His comments follow an announcement from the Office of Fair Trading (OFT) recommending far-reaching reforms of the corporate insolvency regulatory regime, in order to “build trust in the market and ensure that it works in the best interests of creditors and the wider economy”.
Each year, Insolvency Practitioners (IPs) in the UK realise about £5 billion worth of assets and earn approximately £1 billion in fees from corporate insolvency procedures.
An OFT market study found that while the market often works well, it may not work in the best interests of all creditors in over a third of administrations and creditors' voluntary liquidations (CVLs), procedures which together account for 75 per cent of income earned by IPs.
Notably, the OFT found that secured creditors such as banks, who in effect appoint IPs, have a strong incentive to control fees and direct the activities of IPs in the 63 per cent of cases where there are insufficient funds for secured creditors to recover all their debts
Mr Costigan backed this up, saying: “The banks seem to have an unwritten rule whereby any company that owes them in excess of £200,000 they want to use their own Panel firms as they perceive this as a risk worth protecting. In cases where directors do not stand up for their chosen exit route they are often at the mercy of the panel firm’s who they have had no previous relationship with, and certainly have not worked with them for the weeks leading up to the final decision. Ultimately they lose control and it costs them extra fees.”

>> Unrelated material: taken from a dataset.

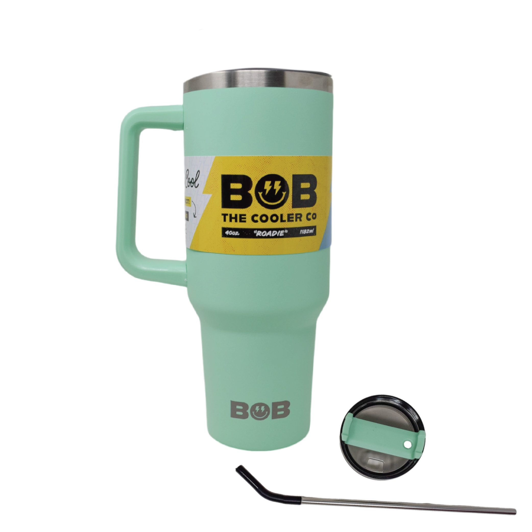 BOB THE COOLER CO - 40oz "Roadie" Heavy Duty Double Wall Vacuum Insulated Tumbler with Straw and Handle, Made of Stainless Steel, Great for Travel, Beach, & More
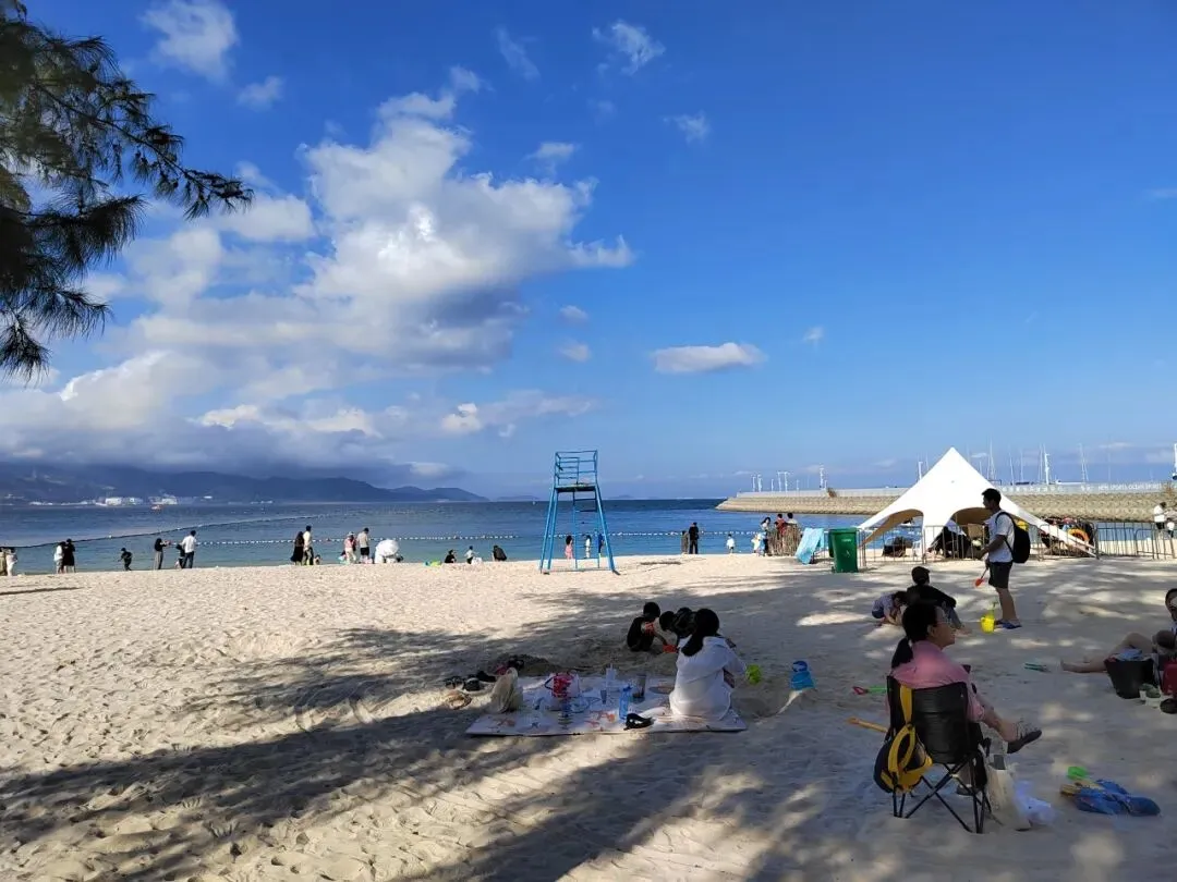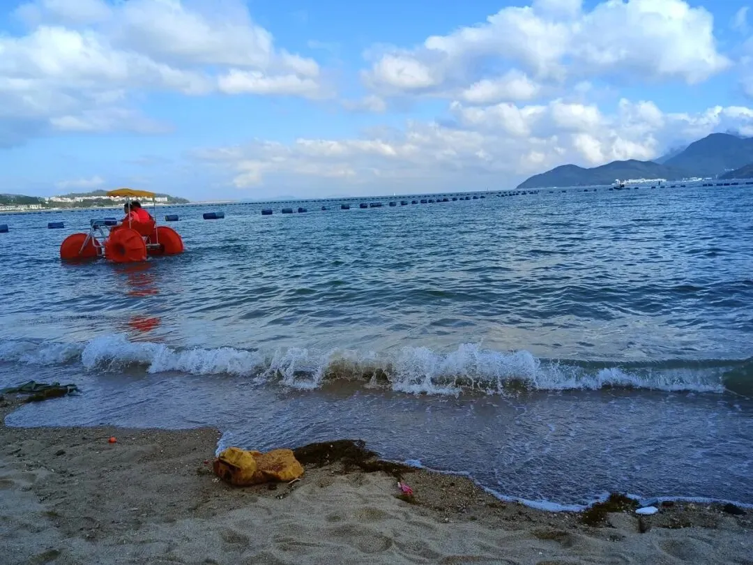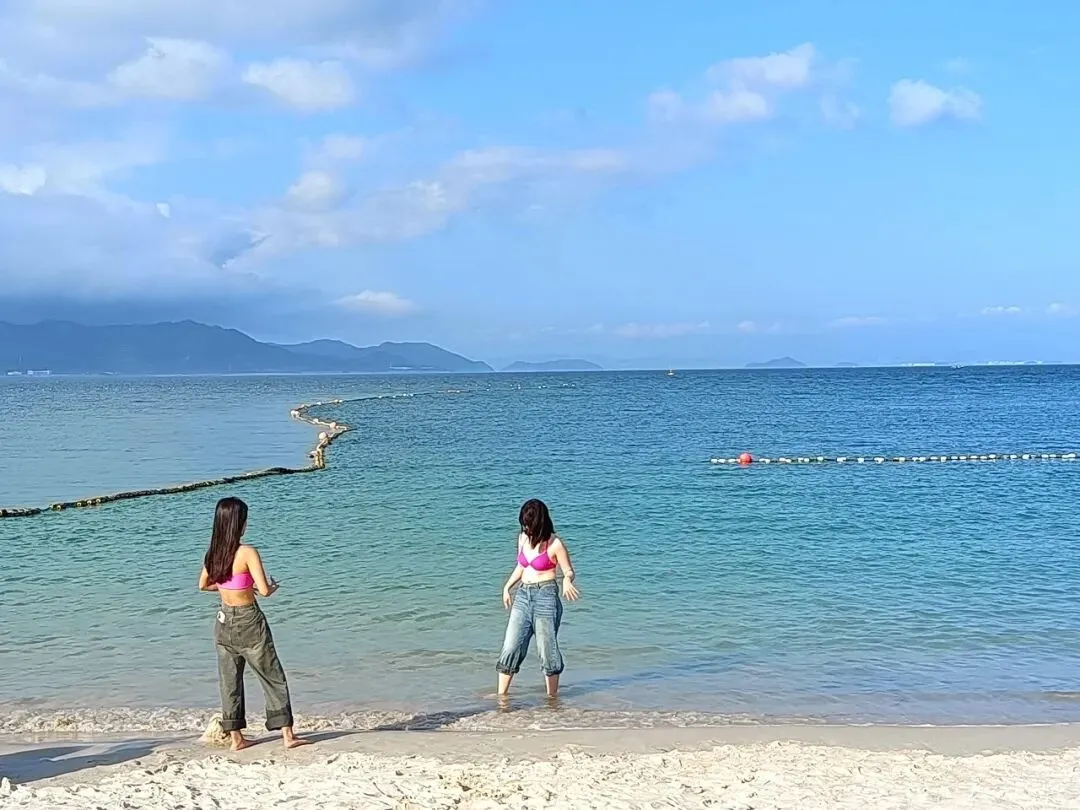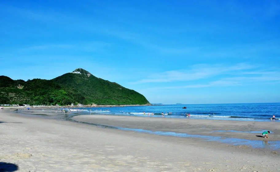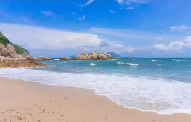 这里的海水给人一种深幽的感觉,旁边的山则是云雾缭绕,害羞的露出半边脸,幽谧的蓝色海精灵和灵雅而起伏的青山相环绕。沙滩洁静,树影婆娑,海风轻柔,三面青山环抱,一面海天一色,明媚的阳光,蔚蓝的海水,洁白的沙滩和醉人的海风,这里的沙质也特别好,很细!(注:暂不收门票,后续如需门票费用自理)

Citing a recent case study, he told of a director he had seen who had spent his own money on valuations and accountancy fees and had his advising IP rejected by a High Street bank as they wanted to use their own firm who, during negotiations with the director, refused to accept a fixed fee for handling the case.
However, the director was at an advantage as he had agreed a fixed fee with a non panel firm as he wanted to be sure that he could in fact afford to purchase the company back via a pre pack admin, covering all professional fees, namely, the Practitioner and the solicitors.
Mr Costigan said that in worst case scenarios, a director’s Personal Guarantee can be called, which causes further financial distress on the individual and their family.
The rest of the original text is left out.